Thursday, January 14, 2010

Rumor Is... Love Don't Cost a Thing.

Every year, halfway through the month of February, a diaper wearing winged infant shoots and strikes women in the heart, which causes them to hallucinate about being more special on this day. The shit is contagious and spreads like swine flu. If a woman has been infected she and all the women she knows will get sick – love sick. It’s a 24hour virus and the only thing that can cure it is receiving “stuff”. The only vaccine for the virus is called single; it’s free. I’ve been using it for years.

I don’t want to come across as bitter or a love-hater. I think love is beautiful. It was once explained to me and compared to a breeze, you can’t always see it, but it’s there and can be felt. And although I’ve never experienced it myself, I know it’s out there and lives in the hearts of many others.

However, it’s when we, men, fall into playing the ‘purchase my affection’ game every February Faketeenth, sorry Fourteenth. Ladies you know this game, don’t you? I’m sorry, I forgot their kind calls it love. This is when the man you love will spend triple the cost for roses, balloons, candied tropical fruit and keep Hallmark’s doors open for yet another 12months. And still, none of these things turn me off to this outrageous celebration. It’s after all the thoughtful presentations are made, kisses of our undying determination to make you smile are shared, and the leftovers are boxed up, brought home and then stashed next to last Saturday’s leftovers. The real sharing starts the next day… February 15th.

The only thing that matters is what she can brag to her friends about. That’s it! For the next 24hours they compare what they got, why it’s nice and who didn’t get a damn thing. But, they had better gotten something, otherwise you’re not getting anything. After all is said and done it becomes a nostalgic Friday afternoon directly after her 3rd grade spelling test, Show & Tell.

What are we celebrating again? Love, that’s right I forgot. With all the decorations in the way, I totally lost sight of the love part. I guess I say all that to state this: Prove your case to each other, not to a jury of your peers. Try to appreciate the history of why the day exists (look it up), and instead of spending a dime, spend time… with one another. Turn your phones off, watch a movie and enjoy each other’s company. Remember what its like to be with the one you love.

Hey, true love is priceless. Did we learn nothing from Flavor of Love??? “You know what time it is!”

2 comments:

Patrick said...

I love the 3rd grade spelling test comment. And you know what, many of these same types of expectations exist on an anniversary for either a married couple or one who has been dating (for at least one month). You better get her something and the size and cost of that present is directly equivalent to the size of her appreciation. Bet on that. PJC-loyal follower-good luck tone. (P.S. my wife is NOT like that though!!) whew-that comment should get me some "quality" one one one time with her.

tia said...

I actually agree with you on this one, but then receiving gifts is definitely not my love language. I can't be bought, and dudes who try to buy me turn me off. I've never been a fan of Valentine's Day and hate when dudes try to buy me things, hoping to impress or win me over.

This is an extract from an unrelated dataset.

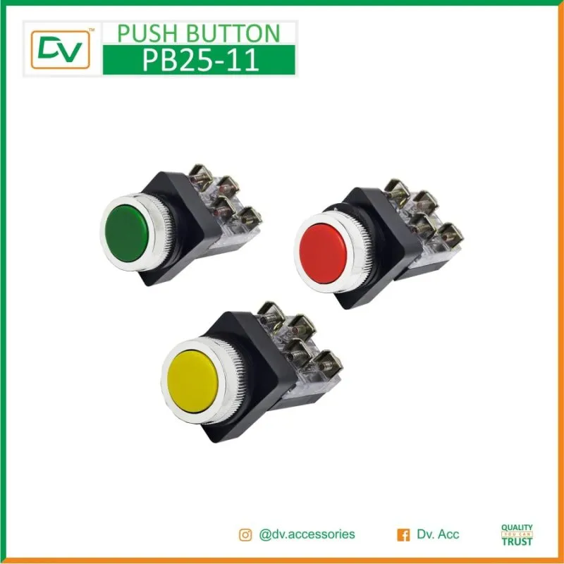 Push Botton PB25-11 1NO+1NC berfungsi sebagai tombol yang fungsinya menghubungkan dan memutus aliran listrik, tombol ini dipakai pada sejumlah benda elektronik, di antaranya buzzer, relay, LED dan perangkat output lainnya. Tombol tekan akan menginisiasi rangkaian sistem agar aktif.
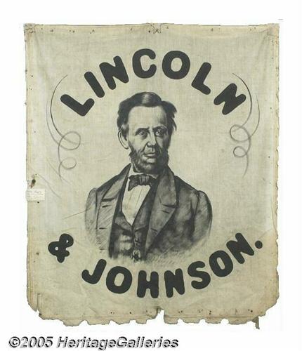 <B>Highly Important 1864 Abraham Lincoln Portrait Campaign Banner</B></I> Of course the most important aspect of this banner is that it is for Lincoln, by far the most-collected of any president or candidate. It features a highly distinctive portrait, unique to our experience, and comes from the much tougher 1864 election. To appreciate this banner one need only turn to Herbert Collins' monumental <I>Threads of History,</B></I> long the definitive reference work on American political textiles. Collins, who was curator of the political collection at the Smithsonian Institution, had access to all of the top institutional and private collections in the country when putting together his 1979 volume. Not counting bandanas, Collins lists just ten Lincoln portrait banners, six of which are commercially-made campaign flags. Not a single one of these banners is from the 1864 campaign, and except for a couple of Civil War patriotic bandanas, he lists no textile showing Abe wearing a beard! Like the hugh 1844 Henry Clay banner offered earlier in this catalog from the same source, it is in a remarkable state of preservation owing to the Hershey family's diligent care. It has no staining whatsoever, and only two trivial small tears at the bottom corners. The cloth has evenly "aged" a bit from its presumed original white to a soft beige tone. The perimeter is irregular in places, and rusty nail holes indicate that the edge was once folded around a wood stretcher-type frame. It would probably be a good idea to remount it in that same fashion, but we will leave that decision to the buyer. A literally "once in a lifetime" opportunity to obtain one of the great Lincoln political artifacts, and one of the best of all surviving American political banners! Measures 43" x 50". Lot:258

They can't buy me anything I really want that I don't already have, so what's the point? They'll end up buying me some ol' girly gift I don't like (like a purse or roses) and then I'll have to pretend to love it so their feelings don't get hurt when in actuality I'm mad because they weren't paying me enough attention to notice I don't even DO purses and don't like cut flowers cuz they die. Love shouldn't cost a thing, but then what's to be expected from materialistic people or those with little else to sell/offer but conditional love in return.